== Segment start ==

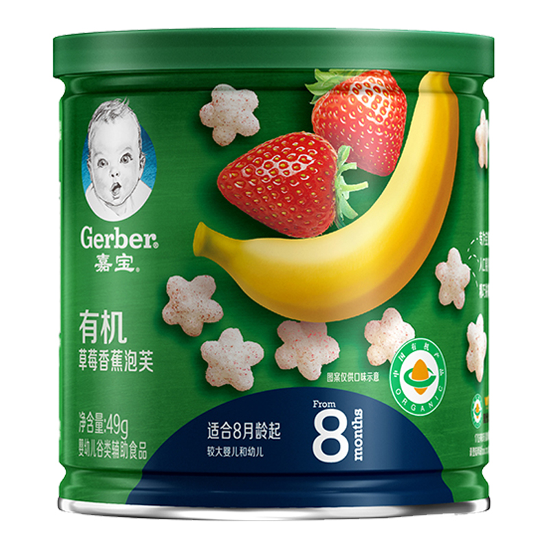 Gerber 嘉宝 婴儿有机草莓香蕉磨牙米饼,嘉宝有机草莓香蕉泡芙,中国有机认证,口味清淡不额外添加盐、白砂糖、香精、色素。专为宝宝设计,入口易溶易咀嚼,适应宝宝娇嫩口腔,帮助锻炼咀嚼能力。
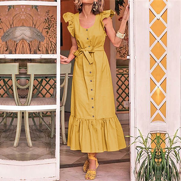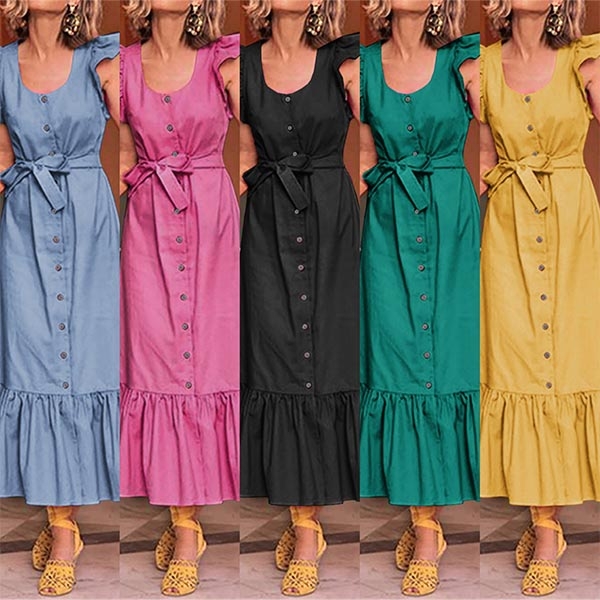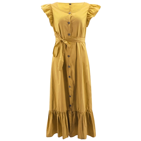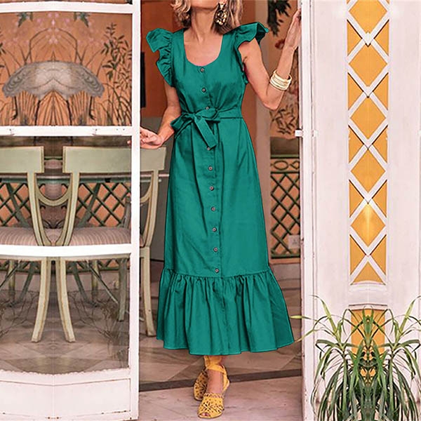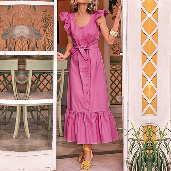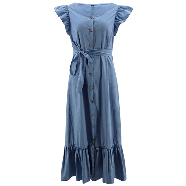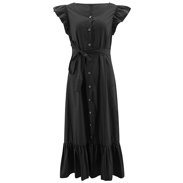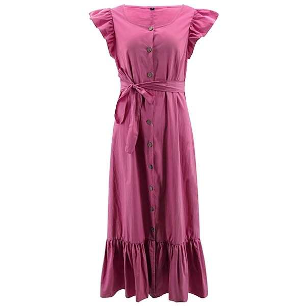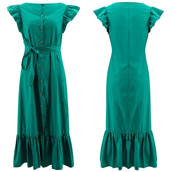with round neck,lotus sleeve and solid color design.stylish yet feminine. The waist strap
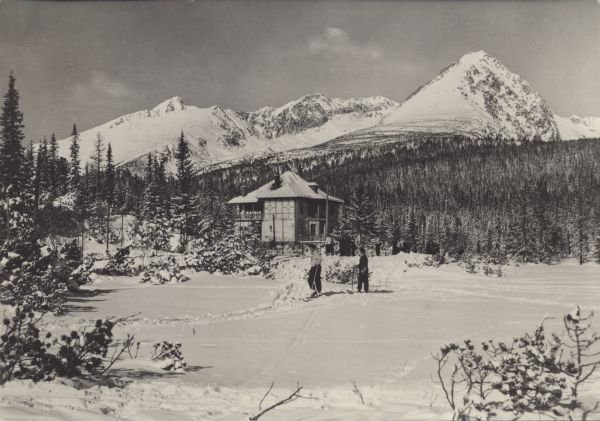 Zimowy widok na willę Marina nad Szczyrbskim Jeziorem. W tle las i ośnieżone szczyty: Krywań, Siodełkowa Kopa, Ostra i Solisko. Na pierwszym planie dwóch narciarzy.
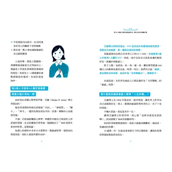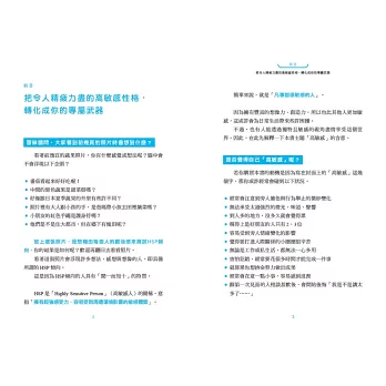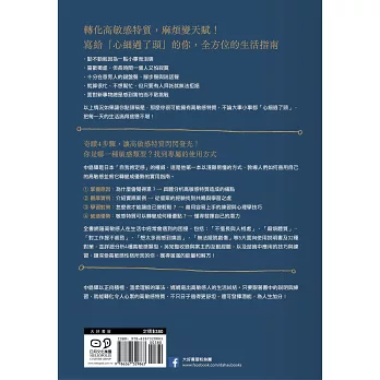 「高敏感特質可以是優勢,前提是我們找到善用這種特質的方法。願本書易懂可行的說明與方法,能讓更多高敏感者願意擁抱、並善加發揮自身這樣的天賦!」──蘇益賢|臨床心理師
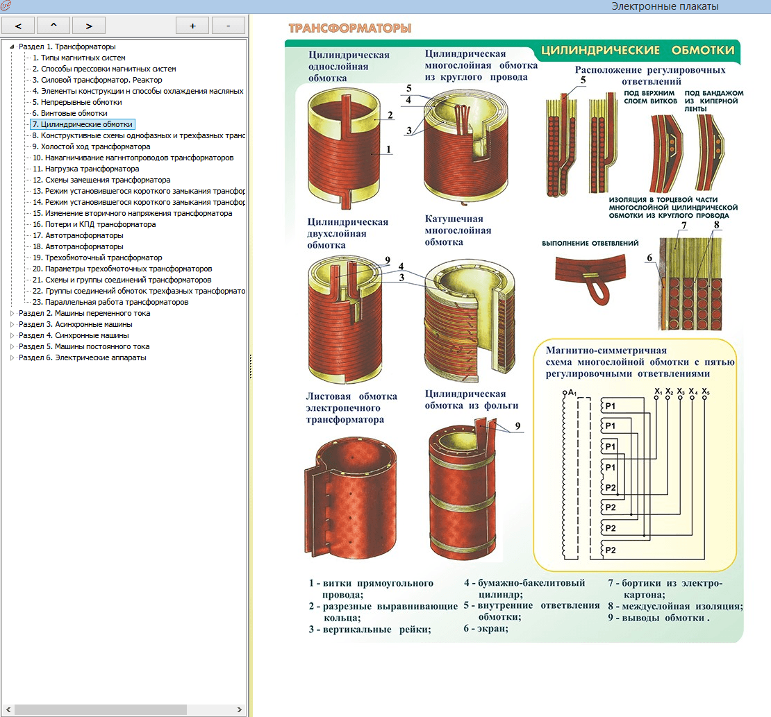 Электронные плакаты «Электрические машины» выполнены в виде электронной книги, в которой имеются графические элементы и текстовые описания по разделам:

== Segment end ==

### [TO DO]
Could you give the material above again, exactly and without its pictures?

### [SOLUTION]
 Gerber 嘉宝 婴儿有机草莓香蕉磨牙米饼,嘉宝有机草莓香蕉泡芙,中国有机认证,口味清淡不额外添加盐、白砂糖、香精、色素。专为宝宝设计,入口易溶易咀嚼,适应宝宝娇嫩口腔,帮助锻炼咀嚼能力。
with round neck,lotus sleeve and solid color design.stylish yet feminine. The waist strap
 Zimowy widok na willę Marina nad Szczyrbskim Jeziorem. W tle las i ośnieżone szczyty: Krywań, Siodełkowa Kopa, Ostra i Solisko. Na pierwszym planie dwóch narciarzy.
 「高敏感特質可以是優勢,前提是我們找到善用這種特質的方法。願本書易懂可行的說明與方法,能讓更多高敏感者願意擁抱、並善加發揮自身這樣的天賦!」──蘇益賢|臨床心理師
 Электронные плакаты «Электрические машины» выполнены в виде электронной книги, в которой имеются графические элементы и текстовые описания по разделам:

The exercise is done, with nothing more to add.